■ SUPPLIED INFORMATION
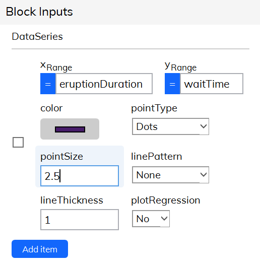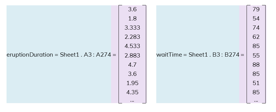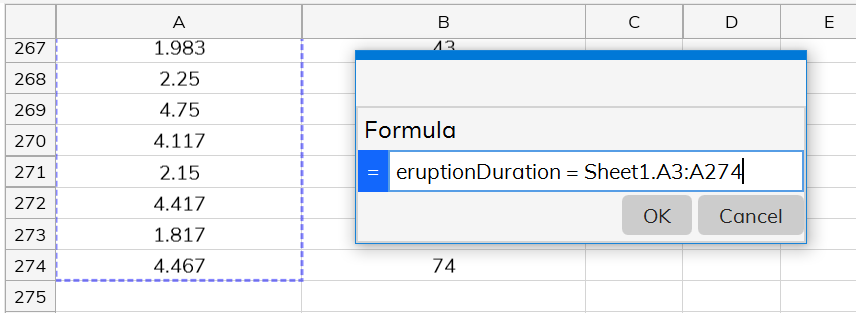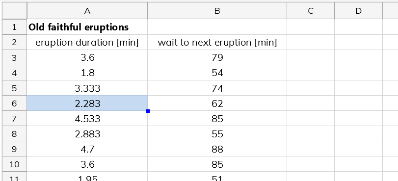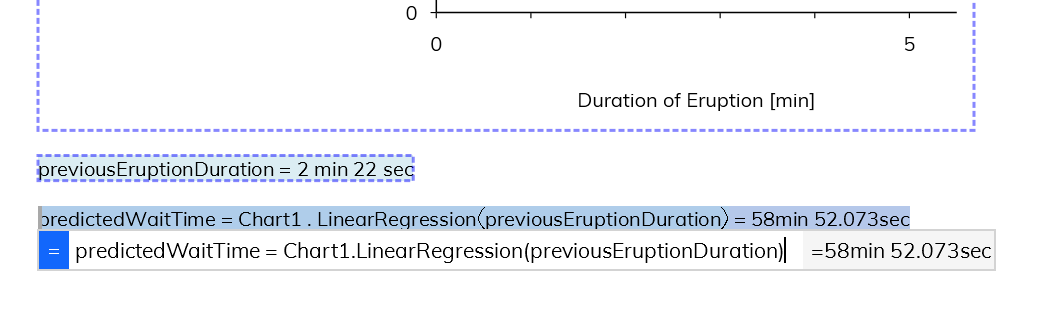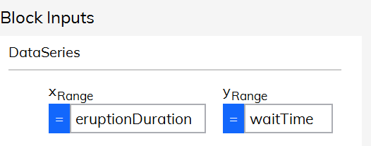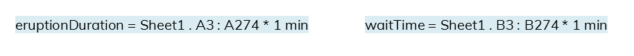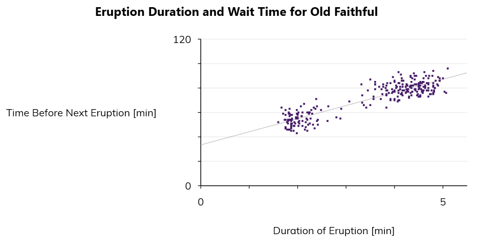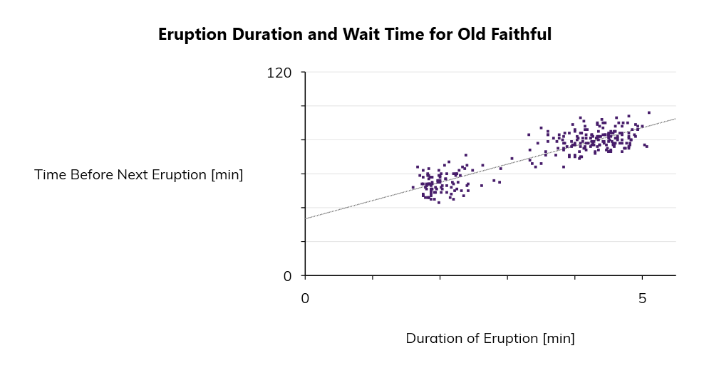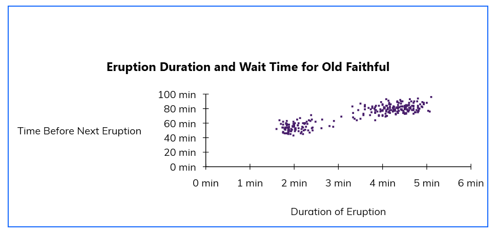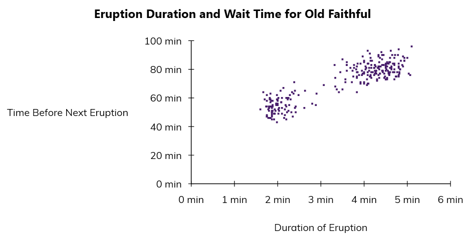 Double click the chart, and specify the x and y ranges. We want eruption duration for x, and wait time for y.
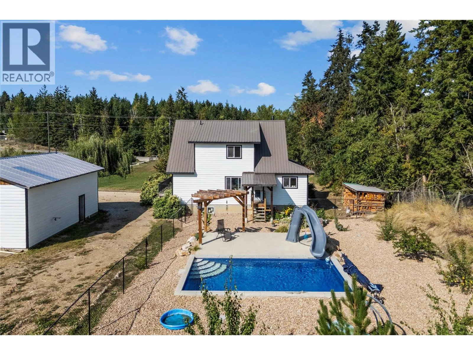 Welcome to your private retreat on 1.072 sun-drenched acresâperfect for families who love to play, entertain, and enjoy the outdoors. This 4-bedroom home features a built-in concrete tile swimming pool with a waterslide, surrounded by a wrap-around deck ideal for BBQs and relaxing in the sun. Inside, the bright and spacious family kitchen is designed for connection and comfort, while the four bedrooms offer plenty of room to grow. Grow your own food with fruit trees and blueberry bushes right in your backyard. The property also includes a 32x24x12 ft insulated shop with a brand-new garage doorâgreat for car enthusiasts, hobbyists, or home-based businesses. Need more storage? Thereâs a 32x12 ft covered RV/boat storage area, offering plenty of space for your toys or seasonal gear. Zoned for light industrial use, this property blends lifestyle and flexibilityâideal for those wanting space to work from home or explore creative projects. All of this just minutes from schools, downtown Salmon Arm, and beautiful Shuswap Lake. A rare combination of fun, function, and spaceâready for your next chapter! Additional perks include a cozy wood-burning fireplace, updated flooring throughout, a spacious mudroom/laundry area, and fully fenced yard for pets and kids. The property offers incredible sunset views and endless potential for gardening, recreation, or even a home-based business. Donât miss this unique opportunity to own a versatile acreage in one of BCâs most desirable communities! (id:27476)
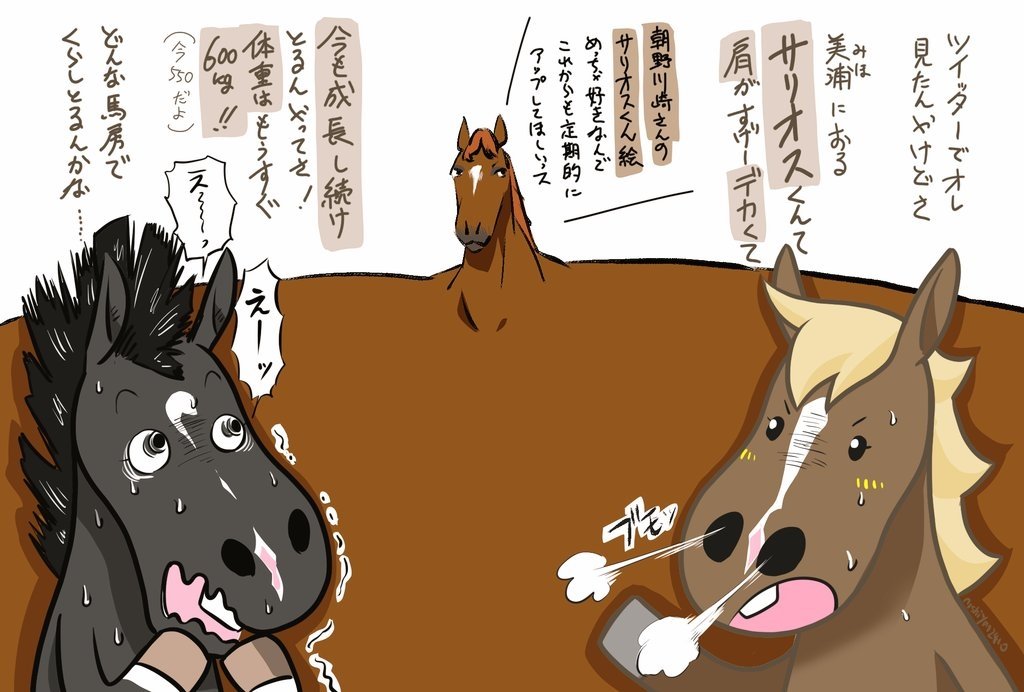 肩幅参考(去年の絵だから1歳若い) サリオスセンパイ600超えたらしいですね。いつまでも元気でいてほしいッス

■ ASSIGNMENT
The expected answer is the data retyped exactly, without pictures.

■ ANSWER SPACE
 Double click the chart, and specify the x and y ranges. We want eruption duration for x, and wait time for y.
 Welcome to your private retreat on 1.072 sun-drenched acresâperfect for families who love to play, entertain, and enjoy the outdoors. This 4-bedroom home features a built-in concrete tile swimming pool with a waterslide, surrounded by a wrap-around deck ideal for BBQs and relaxing in the sun. Inside, the bright and spacious family kitchen is designed for connection and comfort, while the four bedrooms offer plenty of room to grow. Grow your own food with fruit trees and blueberry bushes right in your backyard. The property also includes a 32x24x12 ft insulated shop with a brand-new garage doorâgreat for car enthusiasts, hobbyists, or home-based businesses. Need more storage? Thereâs a 32x12 ft covered RV/boat storage area, offering plenty of space for your toys or seasonal gear. Zoned for light industrial use, this property blends lifestyle and flexibilityâideal for those wanting space to work from home or explore creative projects. All of this just minutes from schools, downtown Salmon Arm, and beautiful Shuswap Lake. A rare combination of fun, function, and spaceâready for your next chapter! Additional perks include a cozy wood-burning fireplace, updated flooring throughout, a spacious mudroom/laundry area, and fully fenced yard for pets and kids. The property offers incredible sunset views and endless potential for gardening, recreation, or even a home-based business. Donât miss this unique opportunity to own a versatile acreage in one of BCâs most desirable communities! (id:27476)
 肩幅参考(去年の絵だから1歳若い) サリオスセンパイ600超えたらしいですね。いつまでも元気でいてほしいッス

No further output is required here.